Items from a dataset
[Start of Attachment]

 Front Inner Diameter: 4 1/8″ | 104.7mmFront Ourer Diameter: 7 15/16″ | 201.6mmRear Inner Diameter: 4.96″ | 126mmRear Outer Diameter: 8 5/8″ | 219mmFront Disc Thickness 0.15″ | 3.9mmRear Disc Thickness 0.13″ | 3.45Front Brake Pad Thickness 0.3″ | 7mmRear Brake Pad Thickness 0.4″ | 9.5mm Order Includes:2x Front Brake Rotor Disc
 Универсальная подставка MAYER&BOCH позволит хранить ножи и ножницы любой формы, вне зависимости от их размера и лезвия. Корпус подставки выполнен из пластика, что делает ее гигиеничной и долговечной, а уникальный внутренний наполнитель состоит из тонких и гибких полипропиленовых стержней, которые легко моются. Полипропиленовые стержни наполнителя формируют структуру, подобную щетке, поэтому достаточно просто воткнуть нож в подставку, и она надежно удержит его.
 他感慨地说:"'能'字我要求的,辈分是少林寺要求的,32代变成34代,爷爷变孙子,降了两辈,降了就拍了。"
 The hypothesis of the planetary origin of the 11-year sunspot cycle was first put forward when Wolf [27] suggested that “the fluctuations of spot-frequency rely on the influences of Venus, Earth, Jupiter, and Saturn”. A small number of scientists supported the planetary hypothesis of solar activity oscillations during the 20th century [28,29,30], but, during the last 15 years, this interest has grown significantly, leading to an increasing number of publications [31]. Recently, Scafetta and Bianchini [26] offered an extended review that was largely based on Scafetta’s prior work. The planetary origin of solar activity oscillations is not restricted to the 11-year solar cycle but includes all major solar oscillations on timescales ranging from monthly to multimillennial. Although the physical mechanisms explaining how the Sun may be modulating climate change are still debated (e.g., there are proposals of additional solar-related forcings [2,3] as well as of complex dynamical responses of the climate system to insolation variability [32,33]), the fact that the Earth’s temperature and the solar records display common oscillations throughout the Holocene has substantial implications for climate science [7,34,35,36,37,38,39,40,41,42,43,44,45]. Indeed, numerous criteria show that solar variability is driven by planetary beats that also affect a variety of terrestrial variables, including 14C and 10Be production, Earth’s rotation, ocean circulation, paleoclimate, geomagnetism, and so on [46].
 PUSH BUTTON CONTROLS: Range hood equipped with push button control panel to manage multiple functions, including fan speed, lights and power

[End of Attachment]

** WHAT TO PRODUCE **
Return all entries exactly.

** EXERCISE ANSWER **
 Front Inner Diameter: 4 1/8″ | 104.7mmFront Ourer Diameter: 7 15/16″ | 201.6mmRear Inner Diameter: 4.96″ | 126mmRear Outer Diameter: 8 5/8″ | 219mmFront Disc Thickness 0.15″ | 3.9mmRear Disc Thickness 0.13″ | 3.45Front Brake Pad Thickness 0.3″ | 7mmRear Brake Pad Thickness 0.4″ | 9.5mm Order Includes:2x Front Brake Rotor Disc
 Универсальная подставка MAYER&BOCH позволит хранить ножи и ножницы любой формы, вне зависимости от их размера и лезвия. Корпус подставки выполнен из пластика, что делает ее гигиеничной и долговечной, а уникальный внутренний наполнитель состоит из тонких и гибких полипропиленовых стержней, которые легко моются. Полипропиленовые стержни наполнителя формируют структуру, подобную щетке, поэтому достаточно просто воткнуть нож в подставку, и она надежно удержит его.
 他感慨地说:"'能'字我要求的,辈分是少林寺要求的,32代变成34代,爷爷变孙子,降了两辈,降了就拍了。"
 The hypothesis of the planetary origin of the 11-year sunspot cycle was first put forward when Wolf [27] suggested that “the fluctuations of spot-frequency rely on the influences of Venus, Earth, Jupiter, and Saturn”. A small number of scientists supported the planetary hypothesis of solar activity oscillations during the 20th century [28,29,30], but, during the last 15 years, this interest has grown significantly, leading to an increasing number of publications [31]. Recently, Scafetta and Bianchini [26] offered an extended review that was largely based on Scafetta’s prior work. The planetary origin of solar activity oscillations is not restricted to the 11-year solar cycle but includes all major solar oscillations on timescales ranging from monthly to multimillennial. Although the physical mechanisms explaining how the Sun may be modulating climate change are still debated (e.g., there are proposals of additional solar-related forcings [2,3] as well as of complex dynamical responses of the climate system to insolation variability [32,33]), the fact that the Earth’s temperature and the solar records display common oscillations throughout the Holocene has substantial implications for climate science [7,34,35,36,37,38,39,40,41,42,43,44,45]. Indeed, numerous criteria show that solar variability is driven by planetary beats that also affect a variety of terrestrial variables, including 14C and 10Be production, Earth’s rotation, ocean circulation, paleoclimate, geomagnetism, and so on [46].
 PUSH BUTTON CONTROLS: Range hood equipped with push button control panel to manage multiple functions, including fan speed, lights and power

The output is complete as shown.